# [Rota] Vergelter Pala



## Horstinator90 (10. September 2013)

Huhu,

da ich vor kurzen mit WoW angefangen habe und mir das Spiel viel Spaß macht bin ich aber ein bissien am Verzweifeln. Ich bin als Main ein Tank, mit Itemlevel 519, Meine Gilde ist mit mir mehr als zufrieden wie ich Tanke, da ich aber auch mal Damage machen will Hab ich mir ein Vergelter Set zu gelegt. Der hat Itemlevel von 496, Ich weiß zwar nicht viel aber immer hin etwas. So wenn ich als Vergelter bin fahre ich nur 50-60k DPS und das ist viel zu wenig. Da ich in der Gilde nur Healpala habe hab ich keinen zum Fragen.

Lùnamaré @ Lordaeron - Community - World of Warcraft

Das ist mein Char vllt sieht ihr an den Glypen oder Skillung was falsch ist

Kann mir einer vielleicht mal eine Rota sagen wie ich das machen soll


----------



## Monkonius (10. September 2013)

Eine wirkliche Rota gibt es nicht.
Es gibt eine Prioritätsliste!
Wichtig ist das du immer Inquisition an hast. Das bringt den größten DPS Gewinn. 
Des weiteren kommt dann der Aufbau der heiligen Macht.
Diese füllst du mit mit den Hauptattacken: Kreuzfahrerstoß (Einzelgegner) Hammer der Rechtschaffenheit (ab 4 Gegnern) dann Exorzismus und Richturteil. Solltest du 5 Heilige Macht haben und deine Inquisition noch mindestens 7 Seks aktiv sein (+- 1-2 Sekunden abhängig von deiner Tempowertung) haust du auf den Gegner das Urteil des Templers (bei mehr als 4 Gegner Göttl. Sturm) womit du 3 Heilige Macht verbrauchst. 
Bei Kampfbeginn den Wächter zünden und nach ca. 5seks die Flügelchen

Und nochmal in Kurzform:

3 Heilige Macht aufbauen -> 
Inquisition (immer aktiv halten) ->
Wächter der Urarlten Könige ->
5 Seks nach Wächterzündung die Flügelschen ->
5 Heilige Macht aufbauen (Kreuzfahrerstoß = Hammer der Rechtschaffenen - Richturteil - Exorzismuss) ->
Urteil des Templers oder Göttlicher Sturm->

Je nach T-Set Bonus wechselt die Priorität der Heilige Macht AUfbau Atacken.

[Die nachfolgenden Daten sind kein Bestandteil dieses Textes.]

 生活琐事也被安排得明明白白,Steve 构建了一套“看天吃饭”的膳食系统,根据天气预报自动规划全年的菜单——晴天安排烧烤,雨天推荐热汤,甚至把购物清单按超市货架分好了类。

Warum du wenig Schaden machst muss auch nicht unbedingt an der ((Rota)) liegen sondern an der Waffe. Wenn du ne schlechte Waffe hast machst du schlechten Schaden. 

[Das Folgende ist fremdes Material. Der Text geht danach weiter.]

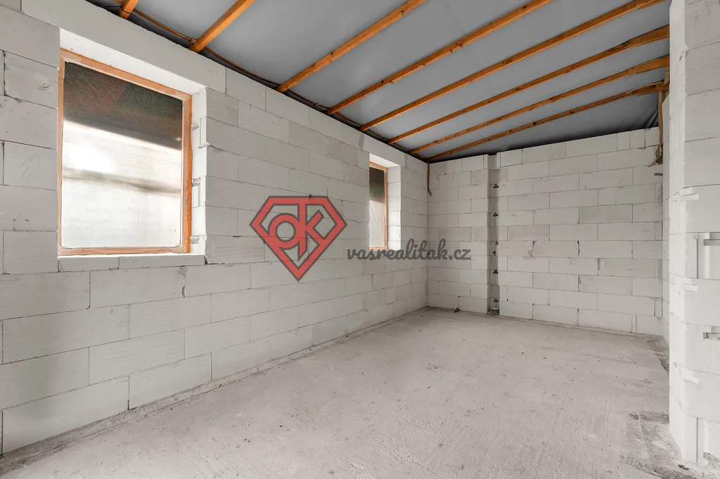 Součástí prodeje je také rozestavěná stavba, která je navržena jako rodinný dům:

Ansonsten schön Umschmieden auf jeweil 7,5% Trefferwertung und Waffenkunde.

Statprio bis Itemlevel 500: Stärke -> Trefferwertung (7,5%) = Waffenkunde (7,5%) -> Tempo -> Meisterschaft -> Krit. Trefferwertung
Statprio ab Itemlevel 500: Trefferwertung (7,5%) = Waffenkunde (7,5%) -> Tempo -> STärke -> Meisterschaft -> Krit. Trefferwertung

Oder hier nachlesen: http://www.vanion.eu/world-of-warcraft/guides/vergelter-paladin-klassenguide/374/1/einleitung/


----------



## Horstinator90 (10. September 2013)

Also als Waffe habe ich diese hier:

Immaculate Pandaren Broadaxe - Item - World of Warcraft

So wie du es beschreibst spiele ich ja schon, Inquisition hoch halten und heilige macht farmen... aber warum fahr ich dann so wenig? kann das an meinen 458er Hose bzw. an meine 2 schmuckitems die 471 sind liegen?
Achja mein set ist komplett VZ, Sockelt und umgeschmiedet


----------



## Monkonius (10. September 2013)

Wenn du Lust und Zeit hast können wir heute Abend mal zusammen an die Puppe dann schau ich mal mit drauf. Vielleicht fällt mir ja nen Fehler auf.


----------



## Horstinator90 (10. September 2013)

Joa heute abend sollte ich zeit haben..  bist du auch auf Loraeron?


----------



## Monkonius (10. September 2013)

Battletag: monk#2299
kannst ja adden.
muss leider weiter arbeiten


----------



## Horstinator90 (10. September 2013)

is bei mir genau so 

 werde dich heute abend adden


----------